Dana Allen Brown (born February 19, 1967) is an American baseball executive. He was the general manager of the Houston Astros of Major League Baseball (MLB).

==Playing career==
Brown grew up in New Brunswick, New Jersey and attended New Brunswick High School. He enrolled at Seton Hall University, where he played college baseball for the Seton Hall Pirates with future Major Leaguers Mo Vaughn, Craig Biggio, John Valentin, and Kevin Morton. In 1987, he played collegiate summer baseball with the Harwich Mariners of the Cape Cod Baseball League. The Philadelphia Phillies selected Brown in the 35th round of the 1989 Major League Baseball draft, and he played Minor League Baseball in the Phillies organization for three seasons.

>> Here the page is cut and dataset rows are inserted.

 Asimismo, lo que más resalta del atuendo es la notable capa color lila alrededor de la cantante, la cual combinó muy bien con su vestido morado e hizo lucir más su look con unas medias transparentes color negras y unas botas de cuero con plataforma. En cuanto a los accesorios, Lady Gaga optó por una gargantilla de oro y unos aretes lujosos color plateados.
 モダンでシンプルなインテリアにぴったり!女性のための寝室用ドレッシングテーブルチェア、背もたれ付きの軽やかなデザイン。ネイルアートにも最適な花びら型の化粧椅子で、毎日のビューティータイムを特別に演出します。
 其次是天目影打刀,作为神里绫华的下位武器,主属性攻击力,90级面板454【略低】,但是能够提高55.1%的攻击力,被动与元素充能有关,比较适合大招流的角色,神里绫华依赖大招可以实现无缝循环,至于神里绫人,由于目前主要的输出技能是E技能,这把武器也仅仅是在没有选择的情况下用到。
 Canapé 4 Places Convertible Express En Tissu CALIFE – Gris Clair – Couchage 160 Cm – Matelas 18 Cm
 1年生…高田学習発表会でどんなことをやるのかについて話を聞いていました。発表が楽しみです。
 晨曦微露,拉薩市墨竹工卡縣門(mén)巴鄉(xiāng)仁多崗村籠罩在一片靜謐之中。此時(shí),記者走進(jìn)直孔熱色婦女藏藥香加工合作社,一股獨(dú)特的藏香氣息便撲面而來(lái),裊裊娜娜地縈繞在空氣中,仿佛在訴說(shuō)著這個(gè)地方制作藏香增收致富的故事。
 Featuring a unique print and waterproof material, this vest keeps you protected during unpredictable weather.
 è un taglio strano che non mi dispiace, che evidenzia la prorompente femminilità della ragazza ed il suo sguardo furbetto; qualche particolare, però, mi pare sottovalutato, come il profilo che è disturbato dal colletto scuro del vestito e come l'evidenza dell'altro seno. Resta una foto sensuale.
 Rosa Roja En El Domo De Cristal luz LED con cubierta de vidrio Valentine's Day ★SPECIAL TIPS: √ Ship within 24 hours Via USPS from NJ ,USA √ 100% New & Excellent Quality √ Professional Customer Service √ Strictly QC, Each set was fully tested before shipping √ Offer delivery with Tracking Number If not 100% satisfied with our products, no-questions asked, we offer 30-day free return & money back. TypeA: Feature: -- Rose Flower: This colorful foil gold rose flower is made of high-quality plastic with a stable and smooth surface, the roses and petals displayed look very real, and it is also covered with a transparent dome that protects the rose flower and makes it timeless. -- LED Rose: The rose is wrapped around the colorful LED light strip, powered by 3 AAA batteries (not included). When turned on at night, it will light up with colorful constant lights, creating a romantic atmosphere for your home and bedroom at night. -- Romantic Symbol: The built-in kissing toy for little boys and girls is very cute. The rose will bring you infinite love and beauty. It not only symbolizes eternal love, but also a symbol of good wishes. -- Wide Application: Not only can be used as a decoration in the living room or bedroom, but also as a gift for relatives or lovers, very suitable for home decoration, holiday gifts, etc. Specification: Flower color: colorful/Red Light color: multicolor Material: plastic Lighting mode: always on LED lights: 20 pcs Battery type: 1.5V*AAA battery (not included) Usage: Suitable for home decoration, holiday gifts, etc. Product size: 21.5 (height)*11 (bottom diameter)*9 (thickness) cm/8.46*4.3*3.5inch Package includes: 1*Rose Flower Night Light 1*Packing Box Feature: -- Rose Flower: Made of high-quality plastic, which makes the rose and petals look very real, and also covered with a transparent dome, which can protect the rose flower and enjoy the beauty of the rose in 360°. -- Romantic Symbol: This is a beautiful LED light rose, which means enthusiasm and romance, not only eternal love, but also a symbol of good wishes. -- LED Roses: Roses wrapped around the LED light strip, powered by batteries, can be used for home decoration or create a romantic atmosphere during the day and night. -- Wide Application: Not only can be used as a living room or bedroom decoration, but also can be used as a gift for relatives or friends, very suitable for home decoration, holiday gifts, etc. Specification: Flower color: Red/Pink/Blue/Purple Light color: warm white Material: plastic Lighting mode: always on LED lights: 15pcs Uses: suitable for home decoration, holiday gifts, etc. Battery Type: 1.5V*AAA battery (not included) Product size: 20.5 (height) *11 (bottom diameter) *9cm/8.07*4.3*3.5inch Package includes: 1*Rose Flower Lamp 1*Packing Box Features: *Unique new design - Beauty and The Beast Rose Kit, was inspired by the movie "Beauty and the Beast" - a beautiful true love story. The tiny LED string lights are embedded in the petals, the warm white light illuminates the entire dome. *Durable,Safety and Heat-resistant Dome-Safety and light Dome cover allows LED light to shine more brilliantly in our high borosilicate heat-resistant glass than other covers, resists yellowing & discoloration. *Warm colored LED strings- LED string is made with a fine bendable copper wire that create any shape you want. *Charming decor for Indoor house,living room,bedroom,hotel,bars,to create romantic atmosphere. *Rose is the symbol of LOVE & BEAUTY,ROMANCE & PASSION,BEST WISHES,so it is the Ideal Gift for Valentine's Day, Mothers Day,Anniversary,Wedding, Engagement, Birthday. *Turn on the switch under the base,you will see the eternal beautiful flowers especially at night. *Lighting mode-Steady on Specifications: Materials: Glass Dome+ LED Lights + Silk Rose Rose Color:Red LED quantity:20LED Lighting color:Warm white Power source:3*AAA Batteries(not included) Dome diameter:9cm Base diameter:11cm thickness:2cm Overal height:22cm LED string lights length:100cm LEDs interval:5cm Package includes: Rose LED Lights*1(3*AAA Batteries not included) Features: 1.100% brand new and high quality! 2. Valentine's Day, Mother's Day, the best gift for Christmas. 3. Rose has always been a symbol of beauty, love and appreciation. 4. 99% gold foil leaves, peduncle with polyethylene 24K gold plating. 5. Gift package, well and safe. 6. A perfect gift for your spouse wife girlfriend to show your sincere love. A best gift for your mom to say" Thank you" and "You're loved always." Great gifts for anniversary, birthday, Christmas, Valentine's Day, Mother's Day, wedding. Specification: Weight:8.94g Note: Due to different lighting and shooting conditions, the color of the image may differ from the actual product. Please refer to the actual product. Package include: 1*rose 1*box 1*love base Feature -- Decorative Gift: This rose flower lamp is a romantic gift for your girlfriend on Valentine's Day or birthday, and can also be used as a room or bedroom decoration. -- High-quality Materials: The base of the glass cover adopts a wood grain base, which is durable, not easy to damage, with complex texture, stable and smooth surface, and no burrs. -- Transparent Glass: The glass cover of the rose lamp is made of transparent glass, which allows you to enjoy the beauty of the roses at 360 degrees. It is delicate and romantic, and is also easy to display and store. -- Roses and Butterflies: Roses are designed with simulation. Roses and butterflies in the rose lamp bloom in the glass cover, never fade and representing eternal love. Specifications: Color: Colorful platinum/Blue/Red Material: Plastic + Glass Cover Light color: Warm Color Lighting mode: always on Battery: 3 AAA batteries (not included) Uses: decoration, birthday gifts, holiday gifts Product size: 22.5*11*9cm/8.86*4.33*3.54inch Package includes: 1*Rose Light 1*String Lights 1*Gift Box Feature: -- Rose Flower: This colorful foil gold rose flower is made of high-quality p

==Coaching and front office career==
===Scouting===
After his playing career, Brown continued as a Minor League coach with the Phillies before becoming a scout for the Pittsburgh Pirates in 1994. He was promoted to East Coast crosschecker with the Pirates before becoming the director of amateur scouting for the Montreal Expos in 2002. He remained with the franchise when they relocated, becoming the Washington Nationals. After the 2009 season, Alex Anthopoulos, the general manager of the Toronto Blue Jays and former assistant of Brown's with the Expos, hired Brown as a special assistant to the general manager. Brown served as the vice president of scouting for the Atlanta Braves from 2019 to 2022.

===General manager===
====Houston Astros====
The Astros hired Brown as general manager on January 26, 2023.

On December 13, 2024, Brown completed one of the most significant trades in franchise history, sending three-time All-Star, Silver Slugger and Gold Glove Award winner Kyle Tucker to the Chicago Cubs for infielder Isaac Paredes, pitcher Hayden Wesneski, and third base prospect Cam Smith.

Dana Brown and the Astros mutually agreed to part ways on August 24. 2026.